Introduction : les médecins généralistes jouent un rôle important dans le maintien en emploi car ils sont souvent les premiers consultés en cas de problématique de santé compromettant la poursuite de l’activité professionnelle. Lorsque des difficultés de reprise du travail sont prévisibles, ils peuvent s’appuyer notamment sur deux dispositifs créés pour favoriser le retour au travail et le maintien en emploi : la visite de pré-reprise (VPR) et le temps partiel thérapeutique (TPT). L’objectif était d’explorer les connaissances et les pratiques des médecins généralistes du Maine et Loire concernant ces deux dispositifs.
Matériel et Méthodes : cette enquête quantitative, descriptive et prospective a été menée à l’aide d’un questionnaire téléphonique auprès de 200 médecins généralistes du Maine et Loire, concernant la connaissance de la VPR et du TPT ainsi que leur utilisation lorsque la reprise du travail semblait difficile.
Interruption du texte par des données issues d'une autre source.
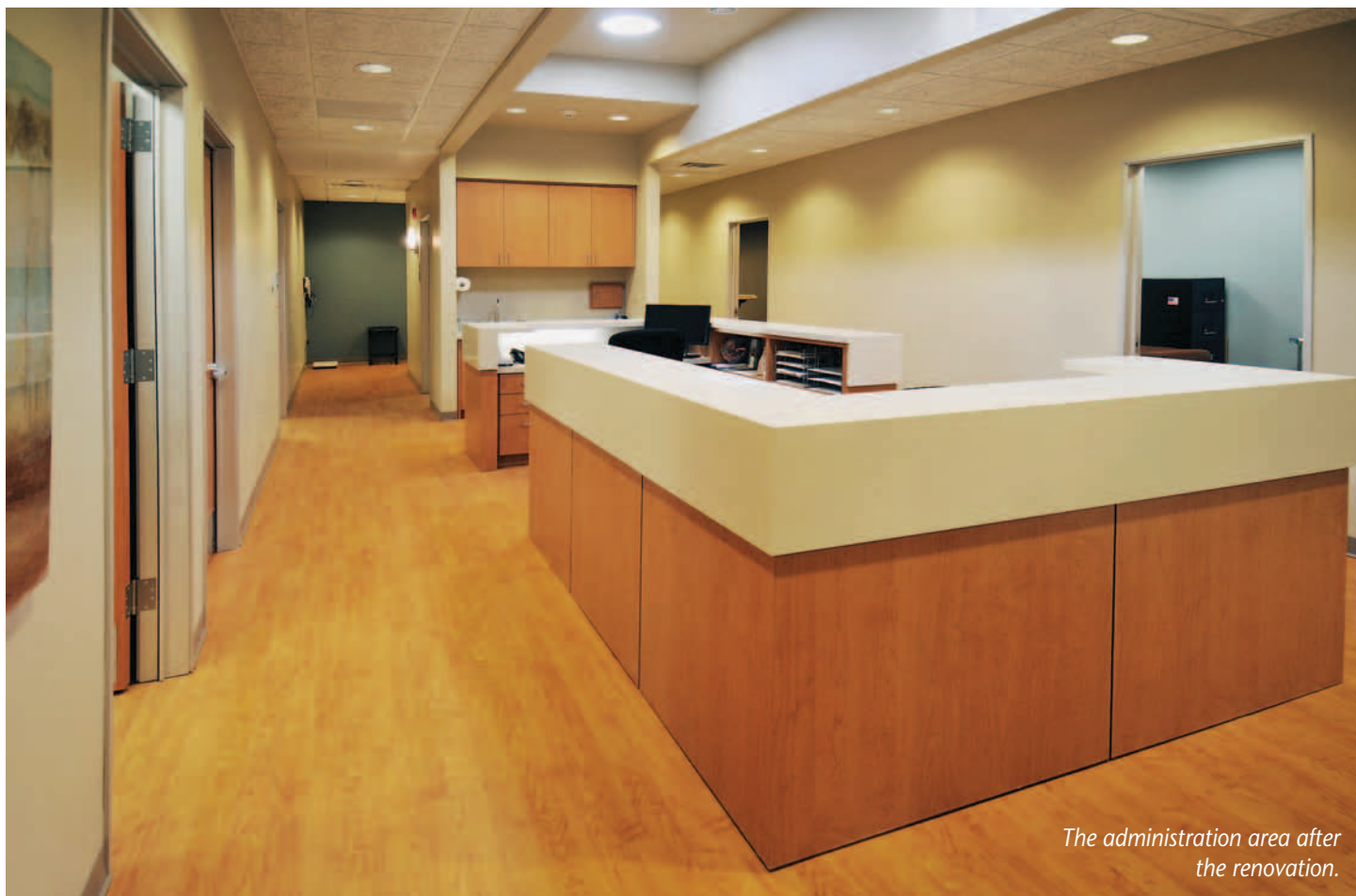
The administration area after the renovation.

Résultats : cent vingt-deux médecins ont répondu (taux de réponse = 61 %). Plus de la moitié des médecins interrogés déclaraient prendre contact « souvent » ou « toujours » avec le médecin du travail, de manière formelle (par téléphone ou par courrier) dans ces situations. Quatre vingt-seize pour cent estimaient connaître la VPR « vaguement » ou « très bien » et 92 % la conseillaient « souvent » ou « toujours » lors d’un arrêt de travail prolongé. Tous les médecins interrogés estimaient connaître le TPT « vaguement » ou « très bien » et 90 % déclaraient le prescrire « souvent » ou « toujours ». Les médecins ayant un meilleur niveau de connaissance du TPT l’utilisaient plus souvent : « souvent » ou « toujours » pour 100 % des médecins estimant le connaître « très bien » versus 81 % de ceux estimant le connaître « vaguement » (p<0,001).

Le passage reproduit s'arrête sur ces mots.